Aku mengangguk mengamini.

"Baik?"

"Nggak tahu, tapi alim, salatnya rajin" Aku membanggakan sedikit kelebihan Ratih, padahal besar kemungkinan Aku salah. Kan baru melihat dia di masjid satu kali.

"Ai bukannya teh Mira kitu hungkul?" artinya, bukannya si mira begitu juga?

Aku menyanggah tanpa bermaksud menjatuhkan Mira, "Mira salat kalau lagi pengen dan sempet doang, Pak. Lha dia mah, wanita modern"

"Ah, istri saya juga wanita modern, salatnya rajin!" nah, ternyata dia masih inget istri.

Kemudian aku mulai berpikir, jangan-jangan sebetulnya kelebihan Ratih adalah memang tempat pertemuan kami, yang Tuhan gariskan tepat di rumahNya. tepatnya di teras rumahNya.

"Untung, Pak, istrinya rajin salat"

"Iya atuh Kang, beruntung, istri saya juga beruntung, jadi banyak pahala nikah sama saya!"

"Eh, kenapa?"

"Iya atuh, kan dia mah kudu sabar-sabar, nikah sama lalaki macam saya, hahahaha" Pak Salim tertawa terbahak-bahak, Mungkin mensyukuri nikmat memiliki istri yang baik. Obrolan berlanjut cukup panjang dan semakin tanpa arah, dari soal asmara dan perjuangan Pak Salim mencari mahar, sampai resep nasi goreng yang ternyata turun-temurun diwariskan oleh Neneknya Pak Salim.

"Moal ngobrol wae atuh, dimakan, Kang!" celetuknya melihat nasi goreng yang belum tersentuh sedikitpun.

Ternyata dari tadi belum aku menyuap sedikitpun nasi goreng yang diberikan secara gratis oleh Bapak-bapak baik yang kadang, hanya kadang, menyebalkan ini.

"Makan, Pak Salim!" Aku berbasa-basi, toh dia nggak akan ikut makan dagangannya sendiri.

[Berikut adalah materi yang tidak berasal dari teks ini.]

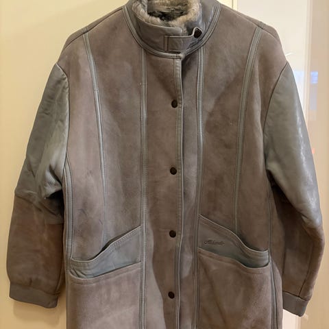 Merke Polarpels, str 36. Mørk brunt semsket skinn. Snøring i midjen og ved nederste kant, med glidelås og knapper. En innerlomme og to ytterlommer. Avtagbar hette med ekte pels. Varm jakke i god stand.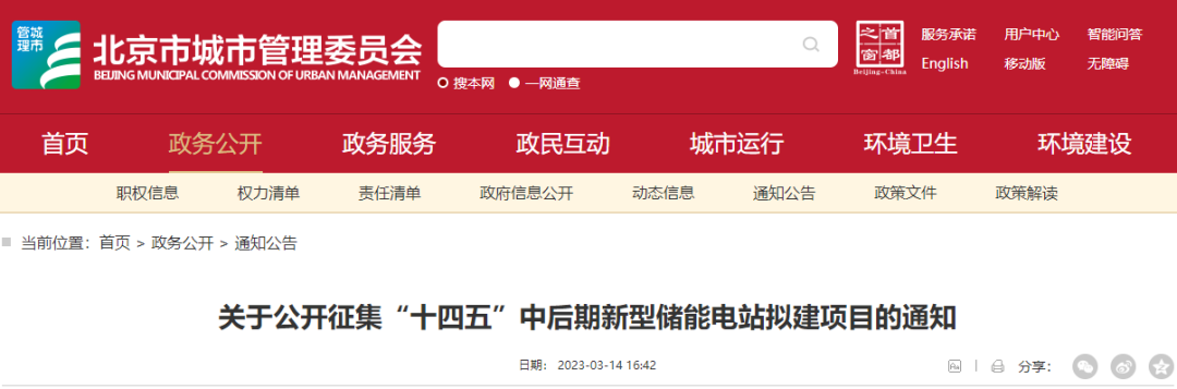 3月14日,北京市城市管理委员会发布《关于公开征集“十四五”中后期新型储能电站拟建项目的通知》(简称“通知”)。

Dia menangguk, menurutku dia sedang merasa bahagia karena berhasil berbuat kebaikan, memberi makan pemuda putus cinta yang sedang jatuh cinta lagi.

Dan Aku menikmati nasi goreng sambil berdoa dalam hati : 'Tuhan, jangan jadikan takdir pertemuan dengan sia-sia, buatkan untuk kami takdir lain, yang berakhir pada keridhaanmu menjadikan kami sepasang' dan sepertinya, itu doa paling tulus yang pernah kupanjatkan beberapa tahun terakhir.